Records from a data source:

════

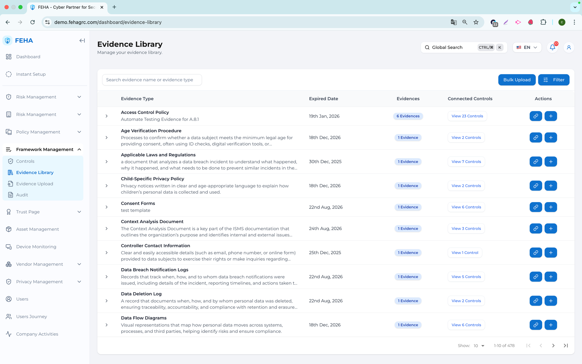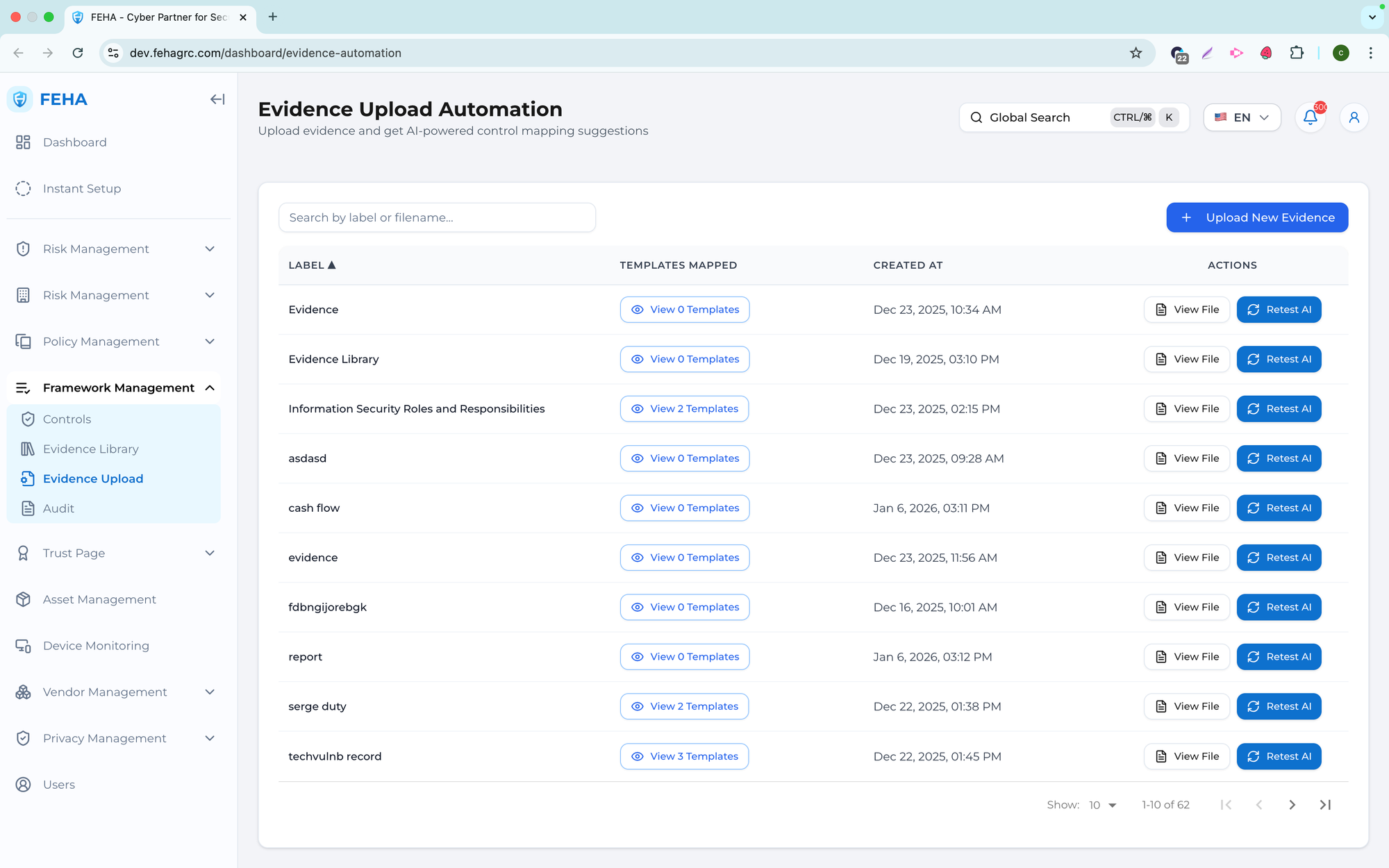 The Evidence Library submenu serves as a centralized repository for managing evidence across frameworks and controls. It enables searching, filtering, uploading, linking, reviewing, and analyzing evidence to support traceability and audit readiness.
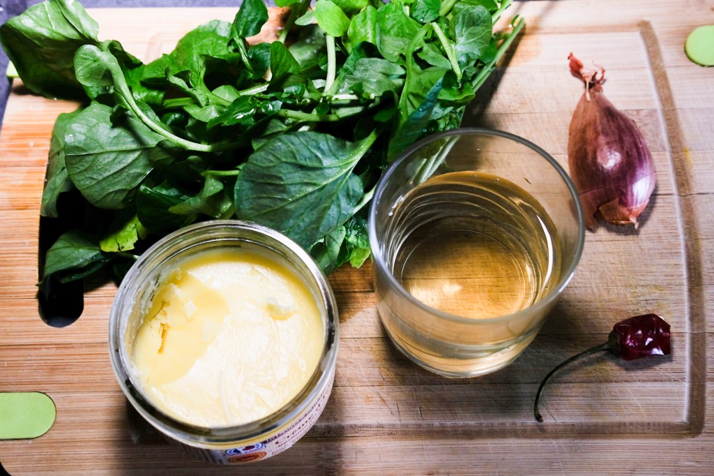 Bon c’est tellement simple qu’on va pas faire d’étapes. Tu coupes ton échalote. Tu la fais revenir sans qu’elle brule, tu rajoutes le cresson que tu as haché grossièrement et éventuellement le piment coupé en petits bouts. Bien sûr tu as pensé à enlever les plus grosses tiges du cresson et les feuilles jaunies. Bien sûr aussi tu as pensé à laver le cresson. Bah oui imagine que le maraicher ai eu une envie pressante pendant la récolte….Tu laisses mijoter le tout 3 minutes et tu rajoutes le vin blanc. Tu laisses cuire à feu doux jusqu’à ce que les feuilles soient cuites (en gros tu goûtes de temps en temps). Tu mixes et……..tu manges!
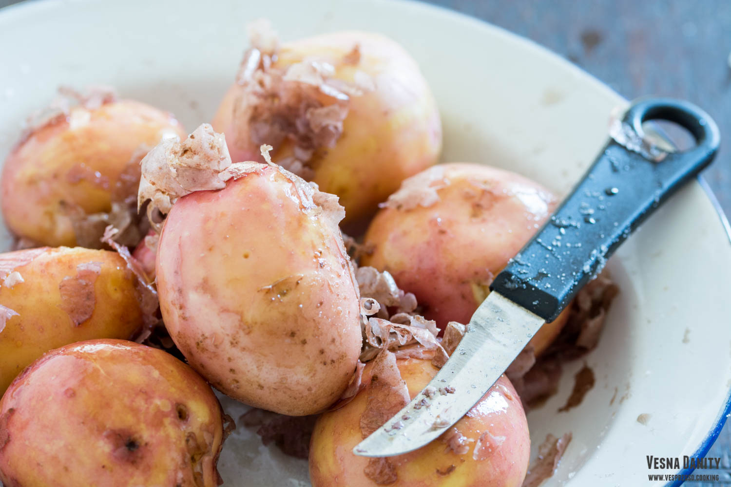 - Am spălat cartofii, i-am pudrat cu ½ lingură de sare grunjoasă și i-am lăsat deoparte pentru 5 minute. După cele 5 minute le-am îndepărtat pielița cu un cuțit de legume (poză), după care i-am spălat din nou și i-am uscat cu un șervet de hârtie.
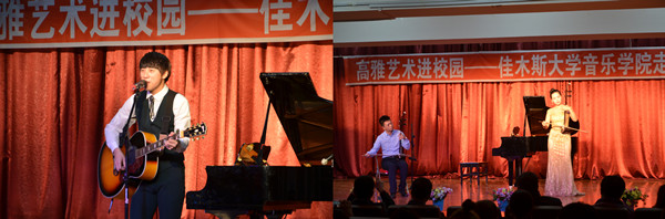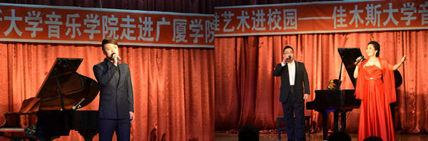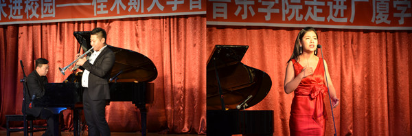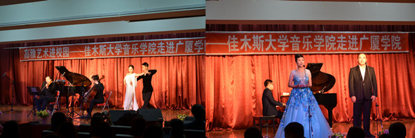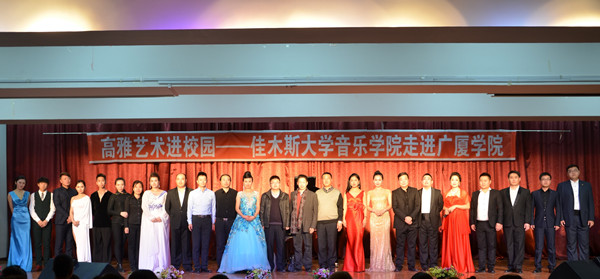 10月18日下午17时30分,在图书馆五楼报告厅成功举办了“高雅艺术进校园——佳木斯大学音乐学院走进广厦学院”文艺晚会。来自佳木斯大学音乐学院的艺术家们融高雅与流行音乐为一体,为我校师生带来了一场别开生面的视听盛宴。我校常务副校长朱定强,学生工作处处长龙和平、副处长赵云龙,后勤保卫处处长孙亮,各二级学院党总支书记及辅导员出席了活动。
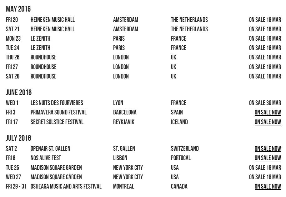 Οι Radiohead θα δώσουν μια σειρά συναυλιών παγκοσμίως, εμφανίσεις που έρχονται να προστεθούν στις ήδη πολυαναμενόμενες φεστιβαλικές τους performances

════

The problem: An exact restatement of the entries above is needed; no picture may appear in it.

Written solution:
 The Evidence Library submenu serves as a centralized repository for managing evidence across frameworks and controls. It enables searching, filtering, uploading, linking, reviewing, and analyzing evidence to support traceability and audit readiness.
 Bon c’est tellement simple qu’on va pas faire d’étapes. Tu coupes ton échalote. Tu la fais revenir sans qu’elle brule, tu rajoutes le cresson que tu as haché grossièrement et éventuellement le piment coupé en petits bouts. Bien sûr tu as pensé à enlever les plus grosses tiges du cresson et les feuilles jaunies. Bien sûr aussi tu as pensé à laver le cresson. Bah oui imagine que le maraicher ai eu une envie pressante pendant la récolte….Tu laisses mijoter le tout 3 minutes et tu rajoutes le vin blanc. Tu laisses cuire à feu doux jusqu’à ce que les feuilles soient cuites (en gros tu goûtes de temps en temps). Tu mixes et……..tu manges!
 - Am spălat cartofii, i-am pudrat cu ½ lingură de sare grunjoasă și i-am lăsat deoparte pentru 5 minute. După cele 5 minute le-am îndepărtat pielița cu un cuțit de legume (poză), după care i-am spălat din nou și i-am uscat cu un șervet de hârtie.
 10月18日下午17时30分,在图书馆五楼报告厅成功举办了“高雅艺术进校园——佳木斯大学音乐学院走进广厦学院”文艺晚会。来自佳木斯大学音乐学院的艺术家们融高雅与流行音乐为一体,为我校师生带来了一场别开生面的视听盛宴。我校常务副校长朱定强,学生工作处处长龙和平、副处长赵云龙,后勤保卫处处长孙亮,各二级学院党总支书记及辅导员出席了活动。
 Οι Radiohead θα δώσουν μια σειρά συναυλιών παγκοσμίως, εμφανίσεις που έρχονται να προστεθούν στις ήδη πολυαναμενόμενες φεστιβαλικές τους performances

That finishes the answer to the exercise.